During his tenure, Rickman was involved in winning visas for Yemeni Jews. In December 2007, Rickman traveled to Yemen to assess the condition of the Jewish community there and to investigate a report of abduction, forced conversion to Islam, and marriage of a young Yemenite woman. Over 60 Yemeni Jews were resettled in the United States due to the efforts of Rickman's office and organizations such as HIAS.

Rickman stepped down after the election of Barack Obama in the 2008 U.S. presidential election. He was replaced by Hannah Rosenthal.

==Later career==
Rickman was critical of his successor, Hannah Rosenthal, for her criticism of Israeli Ambassador to the United States Michael Oren over his snubbing of the liberal Jewish lobby group J-Street in 2009.

After stepping down as Special Envoy at the end of the Bush Administration, Rickman was hired as the Director of Foreign Military Sales for National Air Cargo.
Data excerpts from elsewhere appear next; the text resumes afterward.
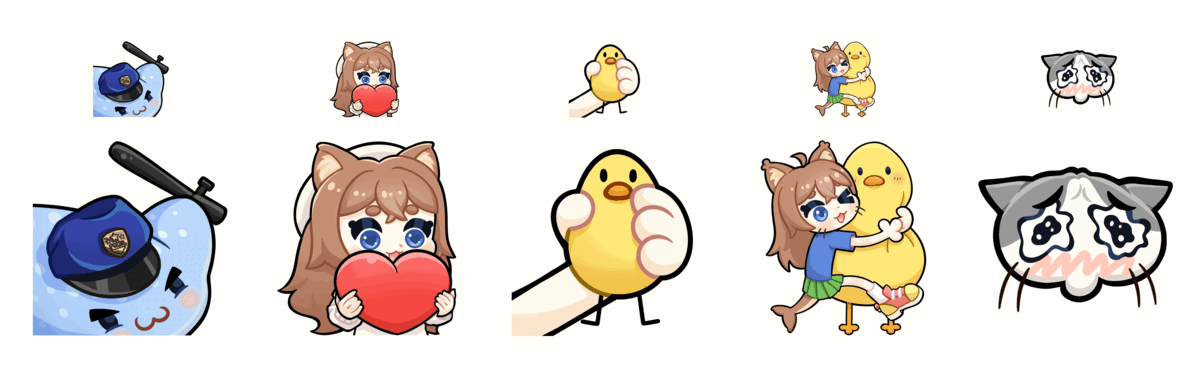 (in the sizes 600x600, 320x320 and 112x112) per emote so that you can easily utilise them on Discord, Twitch or in a video with decent resolution.If you want different dimensions, state so in your commission form.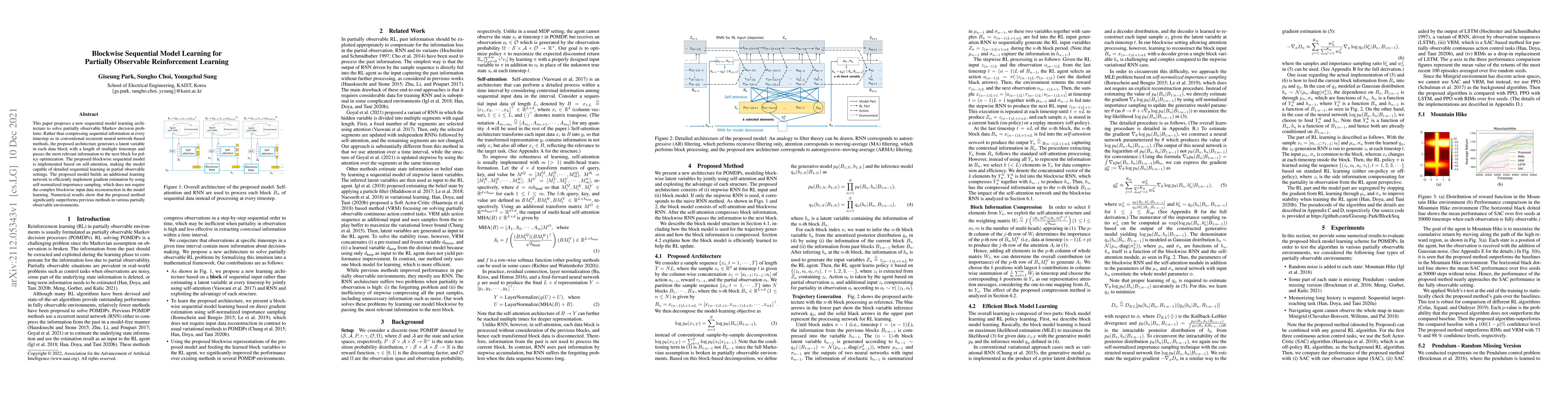This paper introduces a blockwise sequential model learning architecture for partially observable reinforcement learning, utilizing self-attention to generate latent variables in data blocks and optimize policy, outperforming previous methods in various environments. The model includes a learning network for efficient gradient estimation via self-normalized importance sampling.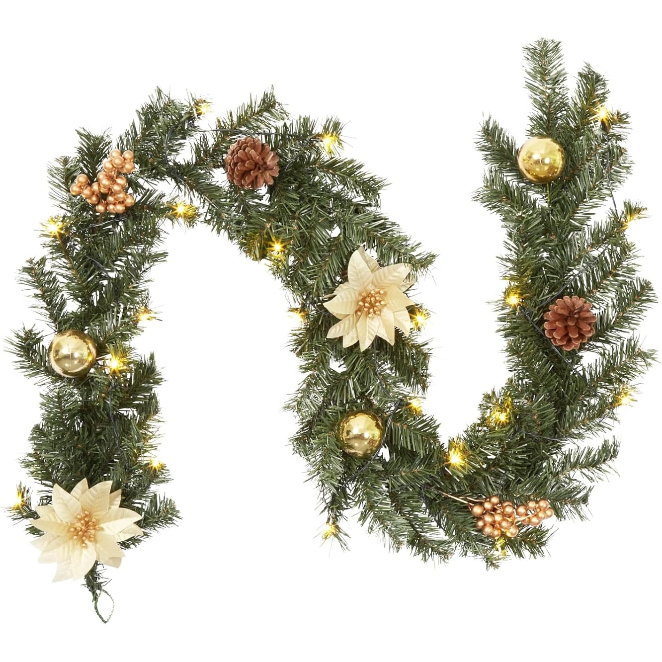 6 ft Christmas Garland with Lights, Prelit Xmas Garlands for Mantle Fireplace Stair Railing Decor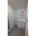 洗面台は同じサイズに交換し、位置を右側に寄せてお取り付けしました。 お持ちの収納棚を置かれるということで、スペースをご活用できるようにしました。

In 2010, he became the Deputy Director of Policy and Government Affairs for the pro-Israel lobby group AIPAC. He served in this position until 2014.

From 2015 to 2017, Rickman was Legislative Director and Deputy Chief of Staff for Sen. Mike Rounds.

==Publications==
In 1999, Rickman wrote Swiss Banks and Jewish Souls, an account of his work on the Swiss bank inquiry and Holocaust restitution. In the Central European History journal, John Teschke of University of California, Riverside called the book "an effective defense of the D'Amato effort and has made the job of apologist for the Swiss Nazi-era record far more difficult." However, in the same review Teschke also stated that Rickman "perhaps has exaggerated the significance of his...efforts at the expense of [[Edgar Bronfman Sr.|[Edgar] Bronfman]], who is considered the central figure in other accounts." In The Public Historian journal, the book was described as a "blow-by-blow account of the story's unfolding." However, in his 2003 book, The Holocaust Industry, the Jewish political scientist Norman Finkelstein questioned the motives behind the restitution efforts and the resulting lawsuit against the Swiss banks. As part of his overall criticism, Finkelstein also took issue with Rickman's characterization of the Swiss, referring to a passage where Rickman opined that a "deeper truth" about the Swiss was that "Down deep, perhaps deeper than they thought, a latent arrogance about themselves and against others existed in their very makeup. Try as they did they could not hide their upbringing".

In 2006, Rickman published Conquest and Redemption, A History of Jewish Assets from the Holocaust, describing how Nazi Germany and other countries delayed Holocaust restitution efforts.

Rickman's third book Hating the Jews was released in 2012. In the book, Rickman details the distinct challenges with combatting antisemitism.